■ TO DO:
Take the lines below from the one with "Deliver parcels set" through the one with "2023年4月25日非洲改革" and retype them exactly. Include nothing else, and no pictures.

Start of RECORDS SHOWN

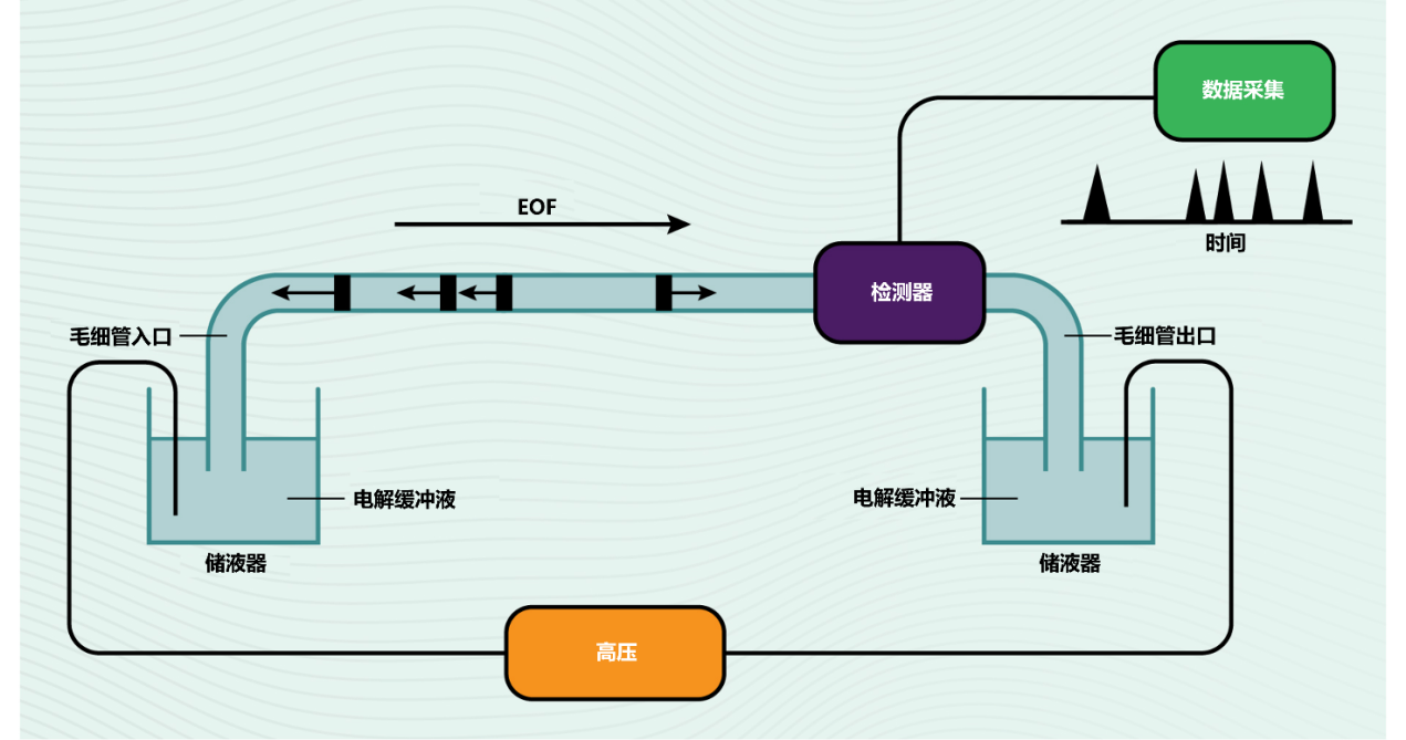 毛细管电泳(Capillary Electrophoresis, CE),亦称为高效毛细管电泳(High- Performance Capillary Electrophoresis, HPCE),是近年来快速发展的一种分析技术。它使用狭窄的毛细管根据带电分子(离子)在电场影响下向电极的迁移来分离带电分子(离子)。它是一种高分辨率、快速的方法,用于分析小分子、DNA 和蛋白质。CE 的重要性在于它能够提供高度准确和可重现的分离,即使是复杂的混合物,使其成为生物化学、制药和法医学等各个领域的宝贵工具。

End of RECORDS SHOWN
Start of RECORDS SHOWN

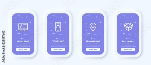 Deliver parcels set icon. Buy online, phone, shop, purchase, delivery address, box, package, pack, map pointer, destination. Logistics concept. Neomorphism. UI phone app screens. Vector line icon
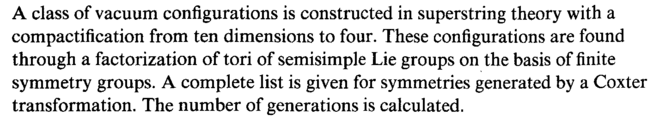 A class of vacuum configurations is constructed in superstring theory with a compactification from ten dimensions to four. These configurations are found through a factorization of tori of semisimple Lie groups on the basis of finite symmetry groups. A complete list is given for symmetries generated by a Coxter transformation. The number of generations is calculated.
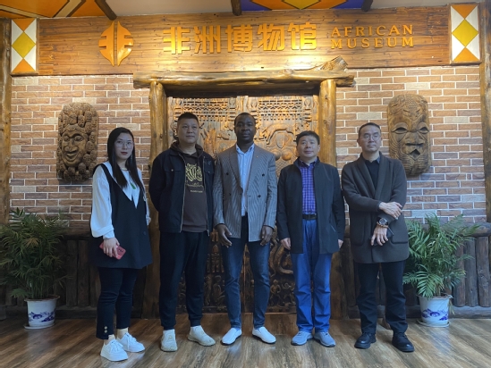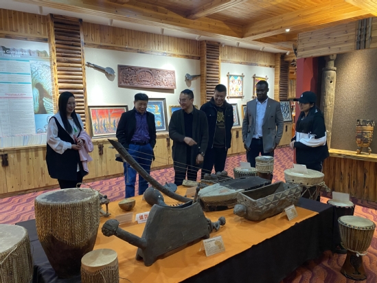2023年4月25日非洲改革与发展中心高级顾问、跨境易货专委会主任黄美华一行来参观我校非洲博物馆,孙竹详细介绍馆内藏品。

End of RECORDS SHOWN

■ TASK RESULT:
 Deliver parcels set icon. Buy online, phone, shop, purchase, delivery address, box, package, pack, map pointer, destination. Logistics concept. Neomorphism. UI phone app screens. Vector line icon
 A class of vacuum configurations is constructed in superstring theory with a compactification from ten dimensions to four. These configurations are found through a factorization of tori of semisimple Lie groups on the basis of finite symmetry groups. A complete list is given for symmetries generated by a Coxter transformation. The number of generations is calculated.
2023年4月25日非洲改革与发展中心高级顾问、跨境易货专委会主任黄美华一行来参观我校非洲博物馆,孙竹详细介绍馆内藏品。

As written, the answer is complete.